Haley: Yes. This is your life now.

Scaachi: I think something I struggle with in this show is how everyone’s motives for nearly everything is “revenge.” My name is Bad Hair; you killed my father; etc., etc. How does a show where the basic motivation is “WELL YOU DID IT FIRST!” sustain itself?

Haley: Yeah, I agree with you. The books are able to create complexity to match all of that tension, but the show can’t really do that. It’s almost like suspended disbelief: You either buy in to this universe and decide to accept the tension on its own terms, or you are very, very bored. That’s part of why I find it so interesting that so many people love the show without having read the books: clearly the show has succeeded at creating that depth so far, but I think the sustainability is definitely in question. But they’re definitely veering away from the original storyline in a way that makes it more watchable, I think.

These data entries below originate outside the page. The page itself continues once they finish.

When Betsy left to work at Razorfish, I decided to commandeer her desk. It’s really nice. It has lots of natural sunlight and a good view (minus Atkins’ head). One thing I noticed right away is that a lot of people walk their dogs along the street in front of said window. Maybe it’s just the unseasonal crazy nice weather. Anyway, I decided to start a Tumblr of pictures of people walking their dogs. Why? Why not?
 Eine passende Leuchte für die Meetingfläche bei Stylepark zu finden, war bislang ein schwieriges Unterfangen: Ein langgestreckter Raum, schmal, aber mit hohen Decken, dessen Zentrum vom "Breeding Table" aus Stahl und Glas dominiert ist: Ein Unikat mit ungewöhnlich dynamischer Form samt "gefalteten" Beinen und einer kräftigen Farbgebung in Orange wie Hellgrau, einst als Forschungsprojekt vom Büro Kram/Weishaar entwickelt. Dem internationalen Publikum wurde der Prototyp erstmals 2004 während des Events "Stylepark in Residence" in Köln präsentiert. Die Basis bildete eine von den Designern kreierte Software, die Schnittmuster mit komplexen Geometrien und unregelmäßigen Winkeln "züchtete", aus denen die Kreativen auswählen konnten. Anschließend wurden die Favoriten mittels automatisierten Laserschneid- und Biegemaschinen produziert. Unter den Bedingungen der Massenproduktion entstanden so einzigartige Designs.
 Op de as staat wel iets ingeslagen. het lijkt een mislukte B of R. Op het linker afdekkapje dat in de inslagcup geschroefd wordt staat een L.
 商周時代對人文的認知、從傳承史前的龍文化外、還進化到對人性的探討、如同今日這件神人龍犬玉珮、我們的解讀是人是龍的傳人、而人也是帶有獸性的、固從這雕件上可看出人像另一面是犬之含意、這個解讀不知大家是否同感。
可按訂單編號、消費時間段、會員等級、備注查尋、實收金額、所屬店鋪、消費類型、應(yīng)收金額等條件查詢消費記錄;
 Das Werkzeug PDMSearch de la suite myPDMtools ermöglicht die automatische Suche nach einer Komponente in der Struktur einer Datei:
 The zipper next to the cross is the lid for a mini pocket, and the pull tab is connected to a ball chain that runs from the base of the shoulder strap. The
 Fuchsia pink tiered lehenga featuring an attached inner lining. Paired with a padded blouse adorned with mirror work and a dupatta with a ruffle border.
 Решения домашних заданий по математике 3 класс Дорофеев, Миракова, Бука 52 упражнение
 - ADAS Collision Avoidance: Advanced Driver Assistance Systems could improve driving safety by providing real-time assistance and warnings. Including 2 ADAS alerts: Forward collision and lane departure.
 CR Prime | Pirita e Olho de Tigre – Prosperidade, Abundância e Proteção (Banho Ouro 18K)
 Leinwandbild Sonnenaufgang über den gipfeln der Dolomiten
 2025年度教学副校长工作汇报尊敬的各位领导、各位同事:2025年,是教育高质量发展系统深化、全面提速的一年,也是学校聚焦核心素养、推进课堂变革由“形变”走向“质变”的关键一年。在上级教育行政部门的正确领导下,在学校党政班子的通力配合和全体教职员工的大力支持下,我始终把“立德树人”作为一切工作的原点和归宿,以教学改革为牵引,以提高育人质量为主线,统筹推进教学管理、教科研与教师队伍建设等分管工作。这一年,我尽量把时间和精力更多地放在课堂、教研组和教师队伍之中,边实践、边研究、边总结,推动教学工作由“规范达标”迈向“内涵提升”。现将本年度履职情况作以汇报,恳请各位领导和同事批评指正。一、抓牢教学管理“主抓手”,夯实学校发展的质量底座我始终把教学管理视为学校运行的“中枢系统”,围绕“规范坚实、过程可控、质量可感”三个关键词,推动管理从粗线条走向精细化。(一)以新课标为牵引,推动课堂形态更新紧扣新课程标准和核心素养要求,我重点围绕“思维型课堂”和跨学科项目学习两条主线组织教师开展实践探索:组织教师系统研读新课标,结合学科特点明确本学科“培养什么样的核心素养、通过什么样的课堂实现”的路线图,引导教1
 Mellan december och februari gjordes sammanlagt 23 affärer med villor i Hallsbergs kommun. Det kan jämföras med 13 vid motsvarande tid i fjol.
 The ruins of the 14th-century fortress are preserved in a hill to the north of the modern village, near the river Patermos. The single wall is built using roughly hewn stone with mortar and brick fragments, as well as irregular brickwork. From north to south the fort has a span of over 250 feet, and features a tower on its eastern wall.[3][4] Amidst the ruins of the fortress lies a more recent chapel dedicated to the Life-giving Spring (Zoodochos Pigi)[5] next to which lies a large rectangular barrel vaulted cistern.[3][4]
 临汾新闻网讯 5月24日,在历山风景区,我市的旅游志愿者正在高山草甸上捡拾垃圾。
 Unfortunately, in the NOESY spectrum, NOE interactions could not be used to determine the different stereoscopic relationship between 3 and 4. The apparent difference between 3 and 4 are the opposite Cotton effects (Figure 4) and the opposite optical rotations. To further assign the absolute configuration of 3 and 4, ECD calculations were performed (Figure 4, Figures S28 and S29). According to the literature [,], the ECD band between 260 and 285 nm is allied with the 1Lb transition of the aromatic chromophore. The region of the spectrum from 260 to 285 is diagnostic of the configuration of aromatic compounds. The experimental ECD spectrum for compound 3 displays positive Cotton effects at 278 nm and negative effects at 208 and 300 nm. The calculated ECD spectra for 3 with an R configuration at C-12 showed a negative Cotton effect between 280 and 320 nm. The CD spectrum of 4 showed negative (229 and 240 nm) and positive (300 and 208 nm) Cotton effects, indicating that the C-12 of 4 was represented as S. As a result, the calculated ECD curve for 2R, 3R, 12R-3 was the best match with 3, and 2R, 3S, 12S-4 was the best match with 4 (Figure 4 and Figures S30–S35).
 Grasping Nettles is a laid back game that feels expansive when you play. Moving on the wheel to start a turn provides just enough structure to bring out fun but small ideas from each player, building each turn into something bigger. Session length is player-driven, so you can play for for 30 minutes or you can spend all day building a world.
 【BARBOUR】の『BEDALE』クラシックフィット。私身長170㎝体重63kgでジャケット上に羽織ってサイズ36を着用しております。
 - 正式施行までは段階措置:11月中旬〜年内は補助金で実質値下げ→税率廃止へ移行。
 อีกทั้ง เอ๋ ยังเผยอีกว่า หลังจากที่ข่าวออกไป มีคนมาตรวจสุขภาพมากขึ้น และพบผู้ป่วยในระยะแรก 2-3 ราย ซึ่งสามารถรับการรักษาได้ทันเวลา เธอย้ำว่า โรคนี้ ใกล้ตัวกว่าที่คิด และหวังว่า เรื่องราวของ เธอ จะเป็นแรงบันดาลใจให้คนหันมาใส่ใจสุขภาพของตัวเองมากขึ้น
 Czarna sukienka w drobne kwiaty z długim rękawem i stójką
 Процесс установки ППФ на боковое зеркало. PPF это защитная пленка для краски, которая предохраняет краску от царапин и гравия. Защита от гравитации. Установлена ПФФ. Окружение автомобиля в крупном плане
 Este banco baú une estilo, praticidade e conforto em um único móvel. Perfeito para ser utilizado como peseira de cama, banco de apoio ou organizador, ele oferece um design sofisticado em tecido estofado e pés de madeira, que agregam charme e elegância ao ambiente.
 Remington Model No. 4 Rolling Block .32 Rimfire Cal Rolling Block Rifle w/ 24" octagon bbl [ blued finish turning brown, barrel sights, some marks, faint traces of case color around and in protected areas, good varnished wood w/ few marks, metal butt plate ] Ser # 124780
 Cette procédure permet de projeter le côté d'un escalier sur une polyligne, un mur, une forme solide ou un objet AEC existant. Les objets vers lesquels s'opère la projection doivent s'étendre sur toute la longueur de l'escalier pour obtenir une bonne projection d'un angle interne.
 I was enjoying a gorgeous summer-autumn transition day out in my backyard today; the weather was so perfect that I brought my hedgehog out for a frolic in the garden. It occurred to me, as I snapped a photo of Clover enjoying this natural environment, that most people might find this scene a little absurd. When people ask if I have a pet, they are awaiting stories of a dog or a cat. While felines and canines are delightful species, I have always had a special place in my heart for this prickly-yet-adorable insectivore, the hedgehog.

Scaachi: What does ol’ R.R. think about the show? Also how many of that hat does he have and will he give me that hat.

Haley: I would watch a show that is just your quest to get that hat from him. He is very involved with the show and I suspect he likes it more than writing the books and that is why I fear the soft-cover closure I so deeply crave will never come. At one point last year, I believe, they ordered him to take a break from the show to write the book. GET OUTTA HOLLYWOOD, GEORGE!

Scaachi: Ugh, I know, he is so industry.

I do appreciate the show on the same level that I appreciated reading Lord of the Rings, which is that there is a level of commitment and focus to create that intricate a world and also to bring people into it and make it engaging. I’m not a big fan of fantasy literature or shows or movies, but I am getting into it.

Or maybe it’s just that I want to know who is behind those creepy-ass gold masks that are murdering everyone.

Haley: Does it bother anyone else that these people are running around slitting throats and nobody was like, “Hey, fellow Unsullied, maybe it’s time we added a protective collar to our Fighting Outfits”?

Scaachi: THAT’S the logic you’re trying to pick apart here? WHY IS NO ONE IN JON SNOW’S UNIVERSE WEARING A HAT? IT LOOKS COLD THERE! Like that lady whips off her dress and there aren’t any long-johns underneath and she isn’t freezing to death? GIRL, I SEE YOUR NIPS, YOU ARE COLD, PUT ON A SWEATER.

Haley: Oh, she’s magic. She doesn’t feel the cold because she worships the Lord of Light. Geez, Scaachi, sometimes I wonder if you’re even paying attention.